Part IV: Forensic Detection Science
The Testing Stack
- Immunoassay screening: Fast and inexpensive, but prone to cross-reactivity. It is a screen only.
- GC-MS/MS: Core confirmation method for many AAS and metabolites; provides structural fragmentation data.
- LC-MS/MS: Preferred for polar, thermolabile, and some high-molecular-weight metabolites; important in modern anti-doping protocols.
- C-IRMS: Required when the question is whether testosterone or related endogenous steroids are synthetic/exogenous.
| The admissibility problem: A laboratory summary that says “positive” without showing screening method, confirmatory method, metabolite identity, threshold, uncertainty, and chain of custody is not a scientifically complete forensic report. |
Chain of Custody and Collection Questions
- Was the collection observed, and was specimen substitution reasonably excluded?
- Was temperature measured immediately at collection, and was it within physiological range?
- Were creatinine and specific gravity consistent with an authentic, non-dilute specimen?
- Was a split sample preserved, and can a B sample be tested?
- Was the laboratory properly accredited for the purpose asserted?
- Was the reported metabolite specific to the compound, or merely a class-level inference?
Common Defense Challenges in AAS Cases
| Issue | Why It Matters | Attorney/Expert Move |
| Supplement contamination | Some AAS positives can arise from contaminated over-the-counter products or precursors. | Demand quantitative levels, supplement history, lot testing, and literature-consistent contamination analysis. |
| Endogenous steroids | Testosterone and trace nandrolone issues can be endogenous or confounded. | Require IRMS or compound-specific metabolite confirmation before accepting exogenous-use opinions. |
| Detection window overreach | A positive result may reflect past exposure outside the relevant event window. | Compare the alleged timeline to ester, route, chronicity, dose, metabolite, and matrix. |
| Screening-only evidence | Immunoassay screens are not legally or scientifically equivalent to confirmation. | Demand chromatograms, method validation, uncertainty, calibration, and chain-of-custody documents. |
| Clinical leapfrogging | Presence is not impairment, aggression, intent, or causation. | Force the expert to identify human evidence connecting the compound, dose, timing, and behavior at issue. |
Conclusion
The forensic toxicology of anabolic-androgenic steroids is not a monolith.

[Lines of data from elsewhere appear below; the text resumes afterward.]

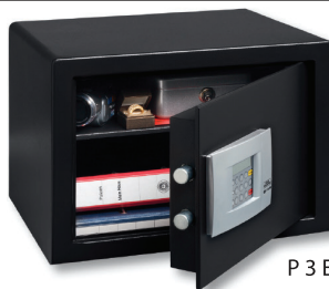
P 3 E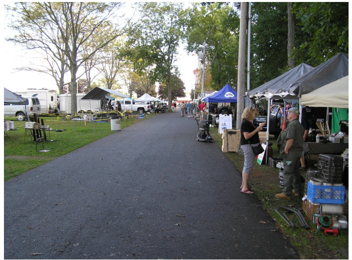
Early view of Swap Meet as vendors move in to set up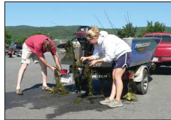
Inspect your boat, trailer and other equipment for attached plants and animals and dispose on dry land before leaving a waterbody.

Special Note to Wading Anglers: Felt-soled waders and wading shoes, which have been identified as an important means by which whirling disease spores and didymo can be transported, are difficult to disinfect. Rubber or studded soles that provide similar traction are now readily available and are much less likely to transport these invasives.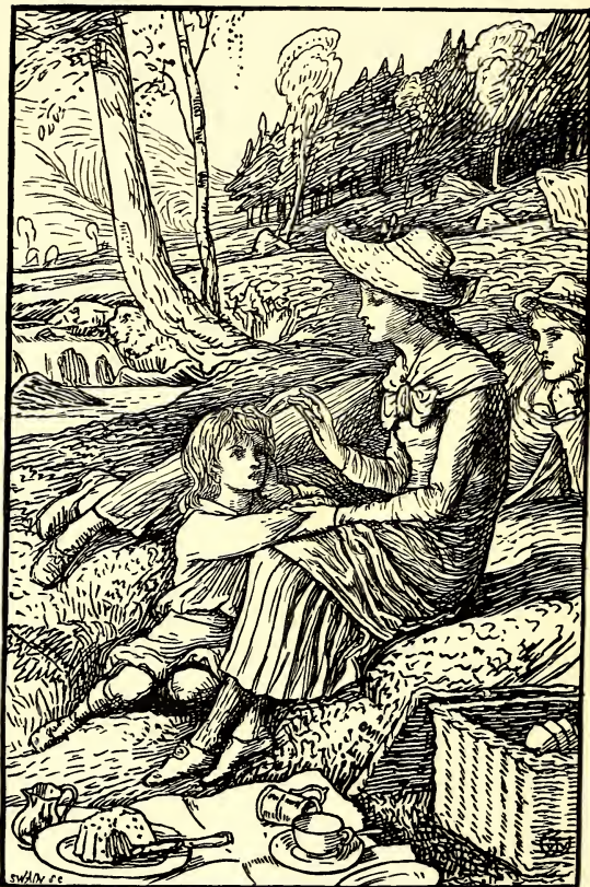
"The Story of Sunny."—Frontispiece.

These ten compounds differ materially in structure, ester release, metabolite profile, detection window, hormonal activity, adverse-effect profile, and legal significance.
The central courtroom principles are consistent: screening is not confirmation; detection is not recent use; potency ratings are not impairment proof; testosterone requires isotope-ratio work; and long detection windows can be as exculpatory as they are incriminating when the alleged timeline does not fit the pharmacokinetics.
Attorney Checklist
- Obtain the full analytical packet, not only the summary result.

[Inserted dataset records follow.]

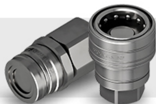
FLAT FACE FOR BRAKES APPLICATION ISO 5676 From DN10 to DN13 up to PN210

Below you can find two Quick Couplings from our range see the complete series here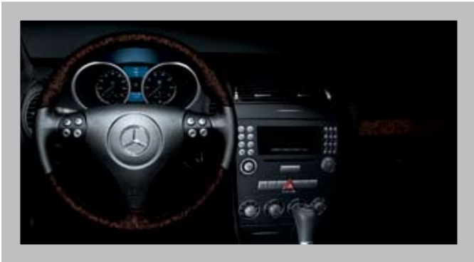
Vavona Wood Trim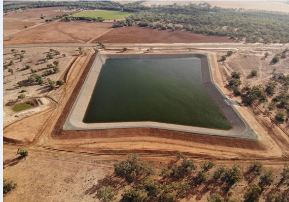
Nyngan's new emergency water storage

in 2019 drought made this route unviable. This prevented the mine from having to close due to water shortage.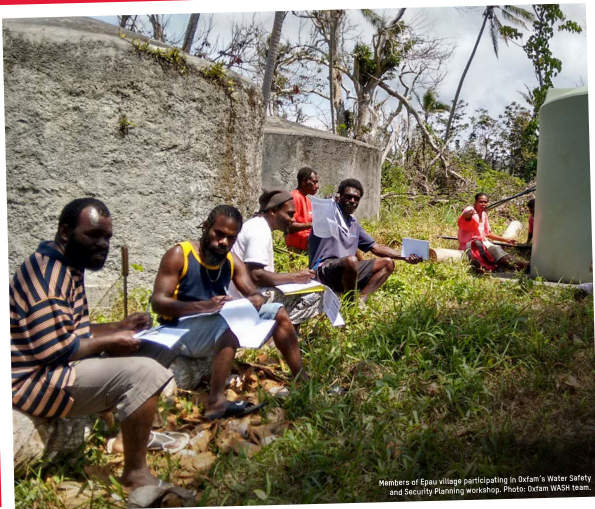
Members of Epau village participating in Oxfam's Water Safety and Security Planning workshop.

It is evident how access to essential services and resources like water are inherently linked to the strength of leadership. The WSSP training partnership will continue — with the government and these communities — to rebuild the lives of people recovering from Cyclone Pam and preparing for an El Niño-induced drought.

- Demand chain-of-custody documents from collection through analysis.
- Identify the exact compound and metabolite used for confirmation.
- For testosterone, confirm C-IRMS was performed; do not accept T/E ratio alone.
- Compare the alleged timeline with the compound’s ester, route, chronicity, and detection window.
- Review supplement contamination, endogenous production, and matrix-specific limitations.
- Attack any opinion that equates anabolic/androgenic ratings with impairment, aggression, or legal causation.